Несмотря на пугающий внешний вид, сомнамбулы часто встречаются в мелодраматических, но при этом достаточно реалистичных историях. Другие же нарушения сна – особенно те, что вызывают галлюцинации, – оказывают гораздо более спекулятивное воздействие на воображение. Они веками одолевали людей и способствовали появлению бесчисленных историй о привидениях и рассказов о якобы настоящих встречах со сверхъестественным. В следующей главе мы рассмотрим расстройство сна, называемое гипнопомпическими галлюцинациями, – очень яркий и зачастую пугающий опыт встречи в спальне с чем-то, чего там быть не должно.
Глава 3
Призраки в спальне
В июле 2018 г. в течение недели каждую ночь у моей кровати появлялась женщина. Это было в тот период, когда я переезжала из одной аберистуитской квартиры в другую. В первую ночь женщина стояла у изножья, рядом с ней – мальчик. Одеты они были по-викториански: ребенок в коричневой жилетке, женщина в белом капоре, светившемся в темноте. Ни одна из фигур не выглядела угрожающе, но все же я перепугалась до смерти. Той теплой ночью я запуталась в тонком одеяле и изо всех сил старалась высвободиться. Дрожа, я отодвигалась назад, пока не уперлась спиной в деревянное изголовье. Спустя мгновение обе фигуры исчезли.
Следующей ночью она пришла вновь. На этот раз одна. До конца недели мальчика я больше не видела. Но женщина при каждом новом появлении казалась больше и сильнее.

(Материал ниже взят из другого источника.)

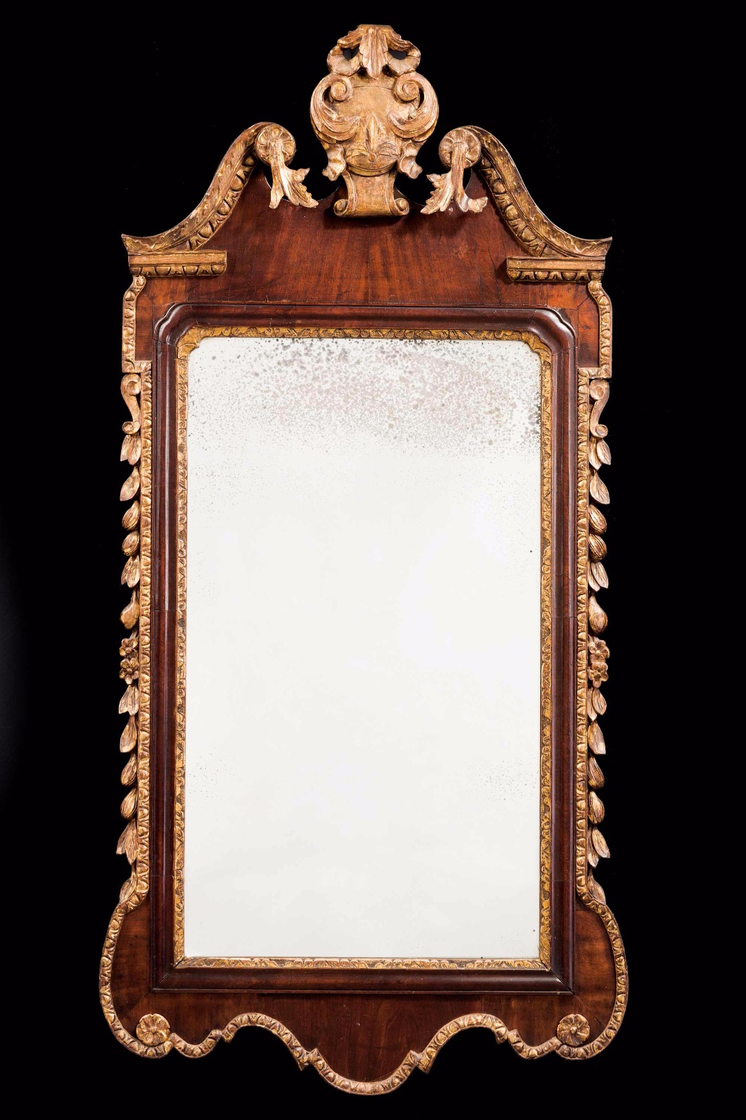 George II Period Walnut and Parcel Gilt Mirror

В последнюю ночь я очнулась в доселе незнакомом состоянии дезориентации. Женщина снова была в моей спальне. Но не на обычном месте – не у изножья кровати. Она стояла прямо надо мной. Ее волосы насыщенного цвета, словно красное вино, разлитое по дубовой столешнице, свисали надо мной и выглядели безжизненными. На меня хлынула волна воспоминаний о событиях, начавшихся задолго до той недели; казалось, я знакома с ней с тех пор, как тремя годами ранее переехала в эту однокомнатную квартиру. И появилось ощущение некой предыстории и связи, которая вот-вот должна оборваться. В течение целой недели она замечала, как исчезают мои книги, как пустеют ящики и шкафы, как пропадает обувь, стоящая у двери.
Она не хотела, чтобы я уезжала.
Эта догадка выглядела убедительной и реальной – столь же реальной, как мой адрес или дата рождения. Всего несколько мгновений мы смотрели друг на друга, и вот уже я в плену наваждения.